You probably imagine there are some cameos from real footballers lined up and you’d be right, and we’re hoping to interest John O’Shea in playing a grizzled pro who has seen it all before.

Not for you? I’ve also always wanted to make a buddy cop movie between two athletes who were policemen before their sporting careers kicked off.

By some considered to be the best English goalie never to have won an international cap, Steve Ogrizovic, who made over 500 appearances for Coventry, began his career in 1977 as a bobby on the hard streets of Nottingham.

Curiously, Christopher Dean (of Torvill and Dean ice-dancing fame) was also in the Nottingham constabulary at the same time. I have often dreamed of a movie called Ogrizovic and Dean, where the two join forces as mismatched partners who solve crime on the banks of the Trent. Dean would be the prissy by-the-rules detective, while Oggy likes to solve problems with his fists. Jane Torvill will be the former goalkeeper’s love interest, although for the first half of the movie she will show no interest at all in him until his gruff demeanour and no-nonsense attitude to crime eventually wins her over.

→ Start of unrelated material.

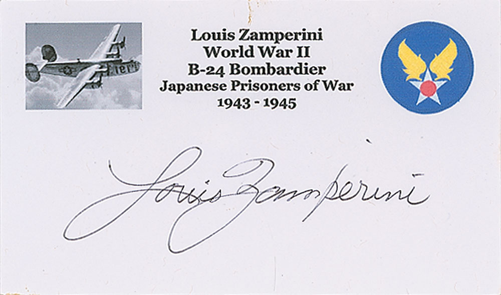 WWII prisoner of war and former Olympic distance runner (1917-2014). Ballpoint signature, "Louis Zamperini,” on a white 5 x 3 card. In fine condition.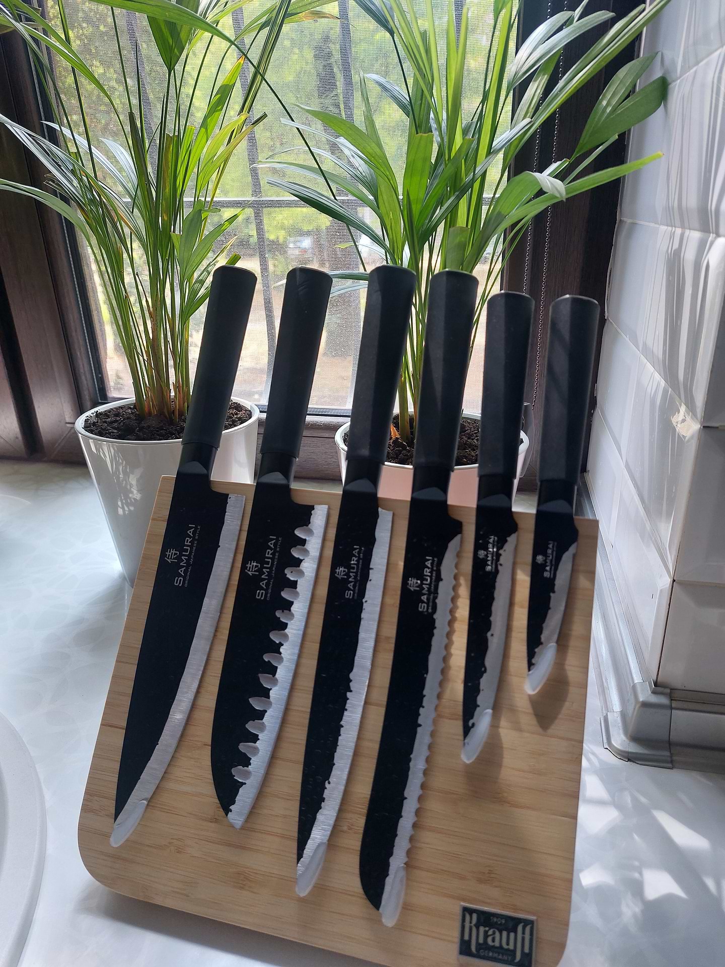 Крауф беру не впервые – норм качество. Ножички острые, сталь хорошая - пользуюсь каждый день и не тупятся, нарезать ими удобно. За счет рисунка на лезвиях и подставки с магнитом в общем смотрятся красиво на нашей кухне, как раз вписались в интерьер. На подставке держатся хорошо, не слетают сами по себе.

Tartans have designs on ending Grand Slam hopes

DID we ever think we’d see the day where Ireland were 4/7 to win a Grand Slam with two games still to play? Sunday will bring the first hurdle as we face the only side likely to stop us from winning the Six Nations, Scotland, at Murrayfield.

They are on 10 points after three games alongside England and France, but those two face each other at Twickenham first tomorrow.

Scotland’s last title was in 1999, the last edition of the Five Nations (when Scott Gibbs broke English hearts at Wembley with a last-second try).

We have collected four titles (including two Grand Slams) since then and have fairly lorded it over our Tartan neighbours, even at club level.

Our provinces have secured seven European Cups between them and have cabinets overflowing with league titles too. Scottish clubs? A sole Pro12 title, secured by Glasgow at Munster’s expense in 2015.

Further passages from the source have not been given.